Live an authentic faith
The single most important thing we can do at this stage of our children’s lives to impact their view of God, faith, and the church is to focus on living an authentic life of faith ourselves. They are watching us even more than they are listening to us. Do we honestly, humbly, and authentically live out the faith we claim? Do we regularly pray? Are we involved in a healthy faith community that follows Jesus sacrificially and serves the world? Do our lives reflect the fruits of the Spirit–love, joy, peace, patience, kindness, goodness, faithfulness, gentleness, and self-control–in such a way others would be interested in meeting this Jesus we say we love? With many of the loudest Christian voices in the media showing our young adults a version of the church which repels them, what do they see in the lives of their parents which point them back to the radical love and grace of the Jesus they met in Sunday School? We do not need to be fearful when our children’s faith looks different than our own. They belong to God, and their journey is just beginning. With open hearts and open minds of our own, we can continue to be their biggest fans and safe place as they do the brave work of finding their way.

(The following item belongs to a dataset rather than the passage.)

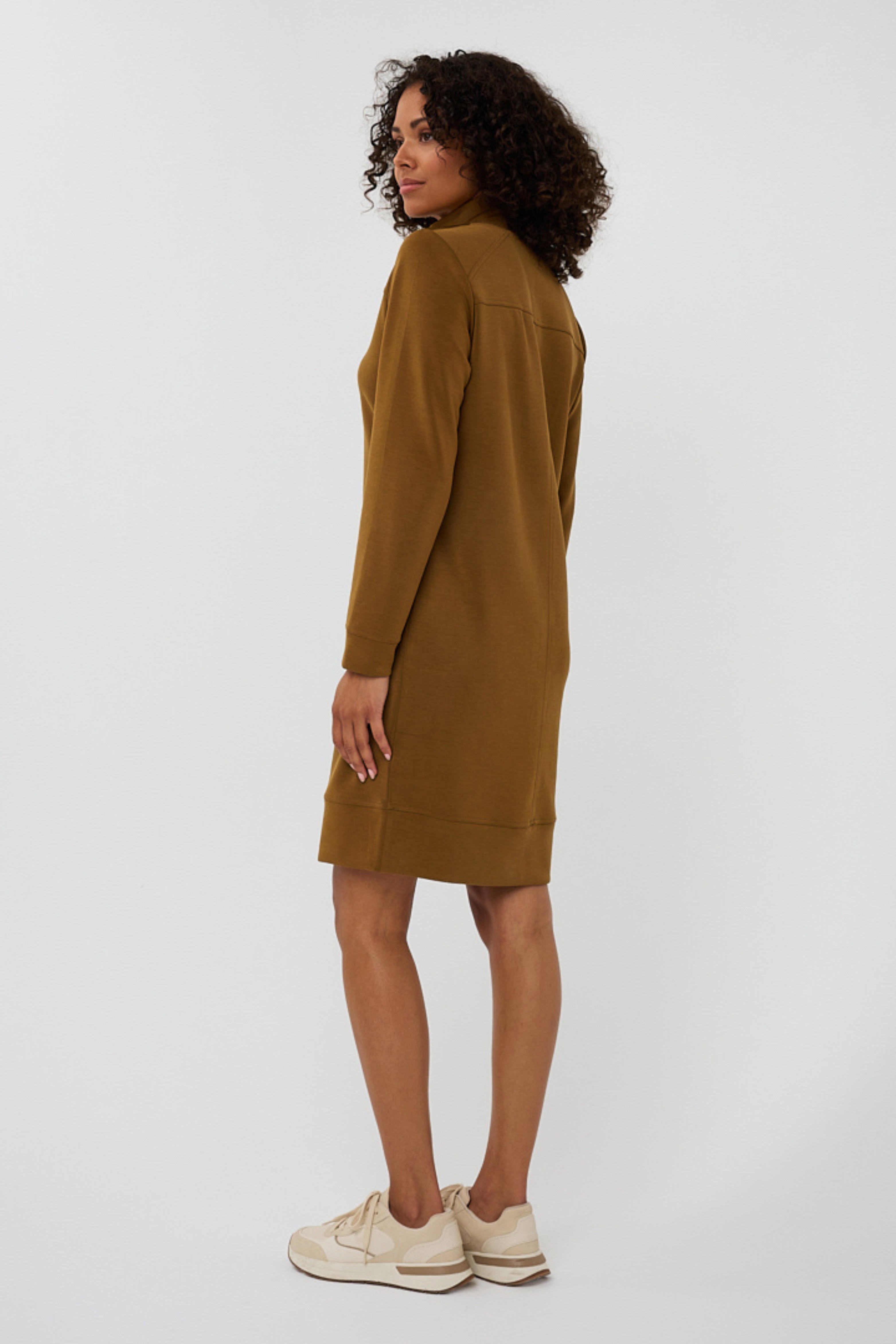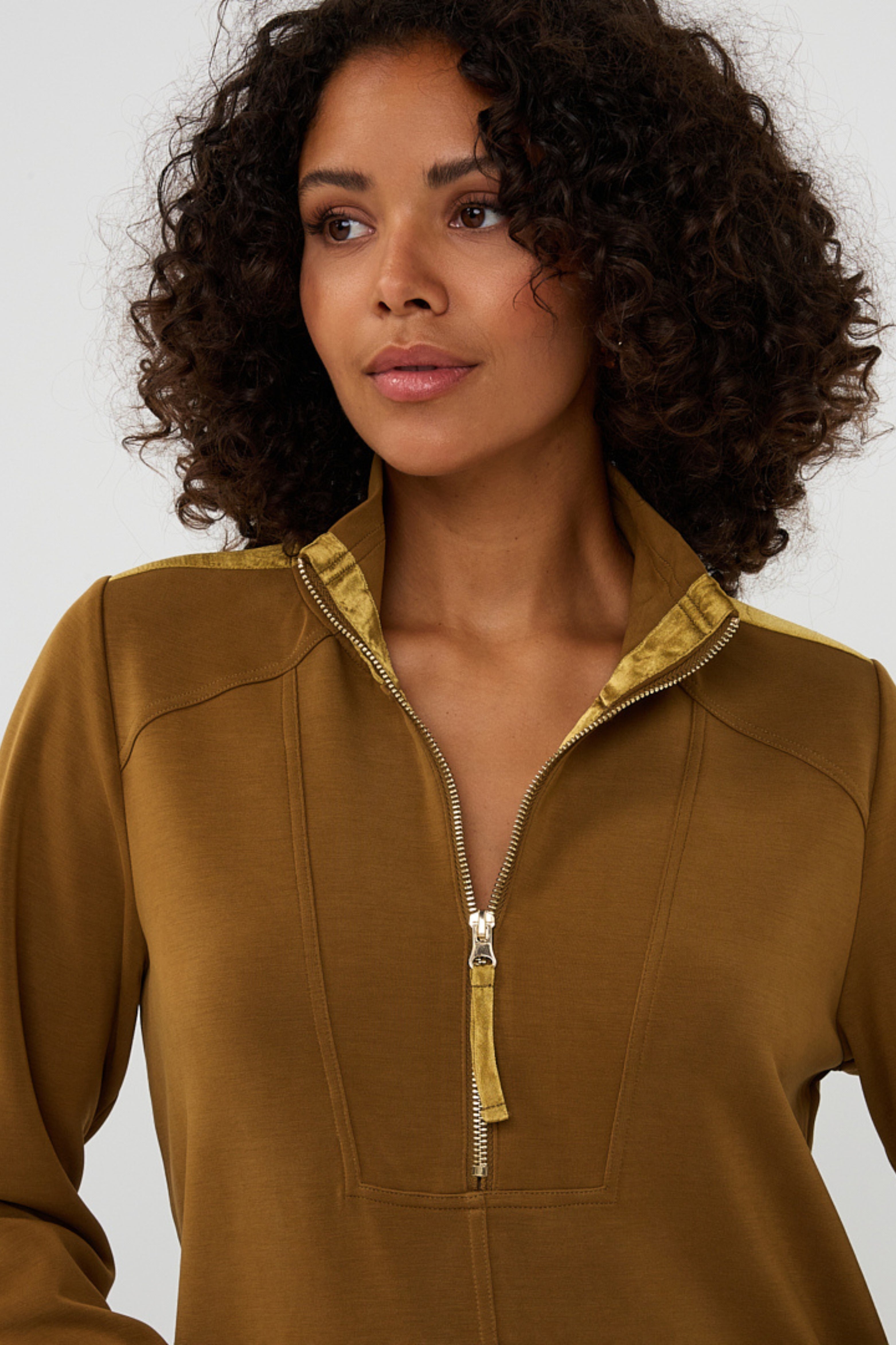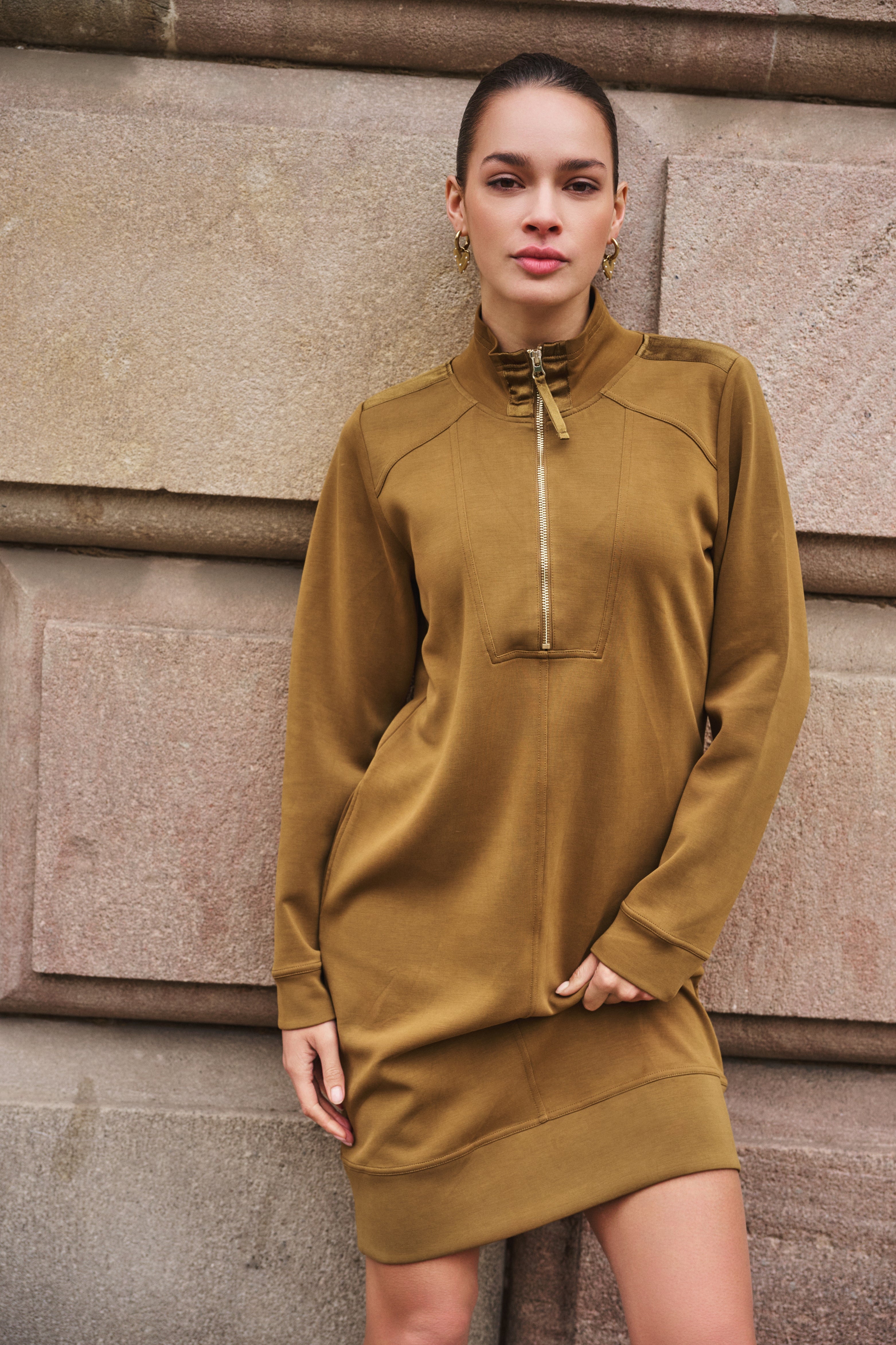 De Jurk Zipper Modal Olive van Esqualo is een sportief-chic item met halve rits en hoge kraag. Gemaakt van zachte modalmix voor ultiem draagcomfort – ideaal om stijlvol en relaxed de najaarsdagen door te komen.

Kelly Johnson is a counselor, writer, speaker, and advocate. She leads a weekly Bible study and serves as chair of the board of directors at a local shelter for the homeless. Married to her high school sweetheart, she is the mom of two college-age daughters. Kelly writes about life, faith, and her newly empty nest at kellyjohnsongracenotes.com.
love this and love you… and love your girls! You have raised them with HUGE hearts to seek justice and to be humble <3 God is proud of you, my friend– and yes forever working in their lives.
Love you too, sister! Your words about my (our) girls made me teary! I am indeed so, so proud of the brave warrior women they are. And thank YOU for speaking love and truth into their lives as well! <3
Brilliant and loving and wise, you are, my friend! My children are not in the church after growing up in it AND they are loving, aware of their responsibility to be good people in the world –truly the good humans I wanted them to become. Your advice to shift the focus to one’s own way of being in the world is the only way that makes any sense to me. Love you and grateful that you are in my life!
Thank you, dear friend! Grateful for those of you who are a few steps ahead of me on the path lighting the way. And love the words “my own way of being in the world!” That is the journey, isn’t it? Love you, Myra!
A hundred times yes!!
Thanks, Lori! Glad it resonated with you. We are all in this parenting thing together. Blessings, sister!
I am walking this season with you and have written a little about it myself. It’s always encouraging to hear someone else’s journey played out through their words. God is faithful and His word WILL NOT return void this I know,..but sometimes we (I) need to be reminded. Thank you!